Maple Ridge Museum brings unique exhibit to Malcolm Knapp Research Forest

boat in river
The forest borders with Alouette River and Golden Ears Provincial Park/Photo by Paul H. Joseph/UBC Brand & Marketing

There is a mill inside the Malcolm Knapp Research Forest which was built in the 1950s and, although it’s been replaced with a modern mill, the history is fascinating. 

That is part of what you will witness at the Malcolm Knapp Past and Present event on September 3 from 10 a.m. to 2 p.m. 

It’s a joint collaboration between Maple Ridge Museum, Wild & Immersive and Malcolm Knapp Research Forest. 

Read: Malcolm Knapp Research Forest ranks number four in our Maple Ridge parks guide

Talking to The Ridge, Abby Lizee, community engagement co-ordinator shared details of what people can expect from this unique event. 

As part of their new community outreach program, Museum on the Move, they reached out to the organization in hopes to use the forest land for an exhibit. Instead, an invitation to turn the exhibit into an event was extended to them.

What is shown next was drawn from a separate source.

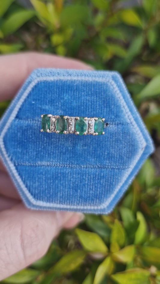 9ct Gold Diamond Emerald Ring - Size N 1/2

“Part of our initiative is to partner with different organizations and it gives us an extra platform to promote our work. Wild & Immersive was one of the organizations and they said it sounds amazing and that they would love to do more community engagement,” Lizee shared. 

Wild & Immersive is a local organization that does out-of-school outreach programs to teach children about environmental stewardship, nature, team building and more. 

This is the first time the organizations are collaborating and Alouette River Management Society, as well as Fraser River Indigenous Society, will be part of the event. 

What makes Malcolm Knapp Research Forest so special?

The forest is used for research and the land was granted to the University of British Columbia in 1949 to conserve flora and fauna, fish, water, soil and biodiversity to name a few.

The 5,157 hectare of “working forest” includes trails for hiking and roads for walking. Specific sections of the forest have been replanted and harvested since 1949.

The exhibit will be set up near the entrance of the forest and people can expect to learn about the forest through historical artifacts that will be displayed. 

Some archival photos from the land will be part of the exhibit, too, although they don’t have too much information about the original Gallant Mill from the 1950s.

A steam donkey or a steam engine was airlifted into the forest when the mill was set up so expect to learn a bit more about that, too. 

“It would be a fun event because not a lot of exposure is given to this forest and it’s also a nice way for us to show off Maple Ridge,” said Lizee. 

Other than history, a family scavenger hunt and other activities are part of the event for hikers to stop by or families to enjoy together.  

Future collaborations are brewing between the organizations and residents can expect an interactive walk project that will detail the history of the land. 

“We haven’t talked too extensively about it yet, but we are hoping to have another project collaboration with Wild & Immersive for Spring 2023. It would be an interactive trail, detailing the history of the forest since time immemorial and go up to the present day and make it fun for kids and families,” said Lizee.